# Форум на русском языке  > Основы информационной безопасности  > Общая сетевая безопасность  >  Общедоступные ресурсы или Shared Resources

## Alhimik

В последнее время меня заинтересовала проблема расшаренных ресурсов. (То есть ресурсов для которых разрешен удаленный доступ) Порывшись в ней немного я обнаружил совсем неутешительные данные, на 50 пользователей сети приходится иногда до 3-10 человек у которых ресурсы расшарены, причем сами они об этом не подозревают.
Доступ к ресурсам открывают сами пользователи по незнанию, подсунутые им .bat файлы, или малварь.
А пароли очень у многих лежат в текстовых файликах на расшареных дисках, также открывается доступ к личной информации (напр. фотографии, видео и др.). 
Хотя и диск без важной информации к которому есть доступ очень прямая угроза безопасности ваших данных!
Так, что заходи и бери все, что твоей душе угодно  :Angry: 

Теперь о решении проблемы: (все действия выполнять от администратора)

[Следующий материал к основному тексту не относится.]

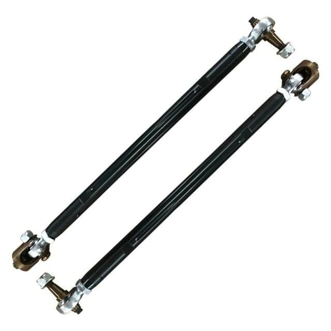This comes with 2 tie rods, ready to bolt on with all required hardware and loctite. All rod ends are JMX series which are the strongest and longest lasting we have found in all of our testings. We utilize precison misalignment spacers in-house, from high strength and corrosion resistant 416 Stainless steel.
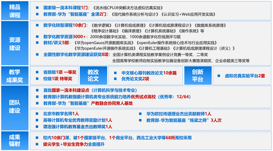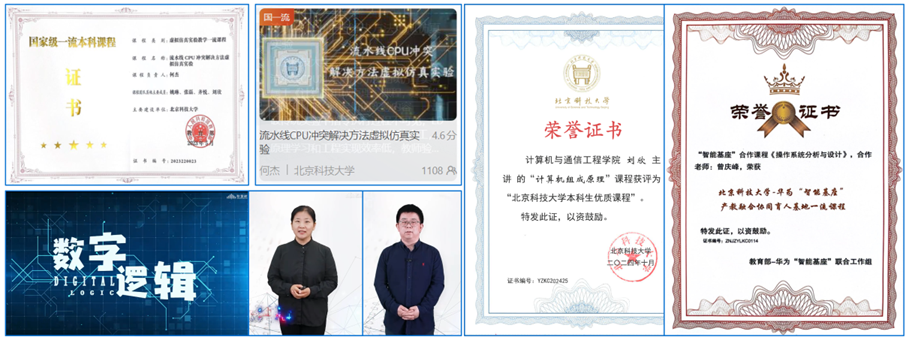 所建设的《流水线CPU冲突解决方法虚拟仿真实验》获评国家一流本科课程(已完成4期开设)。项目成果辐射10余门计算机类核心专业课程全面数字化改革,获得全国性教学案例和实验设备奖8项。

1. Запускаем командную строку *Пуск - Выполнить,* вводим *cmd* и нажимаем на *Enter*
2. Выполняем команду *net share*
   Получаем подобный результат:
**************************************************
C:\Documents and Settings\AlcheMyst>net share

Общее имя   Ресурс                        Заметки

-------------------------------------------------------------------------------
IPC$                                         Удаленный IPC
D$           D:\                             Стандартный общий ресурс
C$           C:\                             Стандартный общий ресурс
F$           F:\                             Стандартный общий ресурс
ADMIN$       C:\WINDOWS                      Удаленный Admin
E$           E:\                             Стандартный общий ресурс
Example      D:/Example
Команда выполнена успешно.


C:\Documents and Settings\AlcheMyst>

**************************************************

Имена общих ресурсов, заканчивающиеся знаком $, не отображаются при удаленном обзоре, если верить Микрософту конечно.
ADMIN$ - папка с windows  
IPC$ - используется для авторизации
В данном примере команды только одна расшаренная папка - Example, расположенная на диске D:\

3. Для того что бы удалить расшаренный ресурс выполняем команду *net share имя ресурса /delete*

**************************************************  *
C:\Documents and Settings\AlcheMyst>net share Example /delete
Example успешно удален.


C:\Documents and Settings\AlcheMyst>net share

Общее имя   Ресурс                        Заметки

-------------------------------------------------------------------------------
IPC$                                         Удаленный IPC
D$           D:\                             Стандартный общий ресурс
F$           F:\                             Стандартный общий ресурс
ADMIN$       C:\WINDOWS                      Удаленный Admin
C$           C:\                             Стандартный общий ресурс
E$           E:\                             Стандартный общий ресурс
Команда выполнена успешно.


C:\Documents and Settings\AlcheMyst>

**************************************************  **

Видим, что расшаренная папка Example удалена из общего доступа. Просто так удалить "стандартные" ресурсы не получится, виндовс будет восстанавливать их при каждой перезагрузке. Но для доступа к ним нужны логин и пароль администратора, так что удалять их необязательно.

С Уважением, Алхимик

----------

Надоело быть жертвой? Стань профи по информационной безопасности, получай самую свежую информацию об угрозах и средствах защиты от ведущего российского аналитического центра Anti-Malware.ru:

----------


## priv8v

> на 50 пользователей сети приходится иногда до 3-10 человек у которых ресурсы расшарены, причем сами они об этом не подозревают.
> Доступ к ресурсам открывают сами пользователи по незнанию, подсунутые им .bat файлы, или малварь.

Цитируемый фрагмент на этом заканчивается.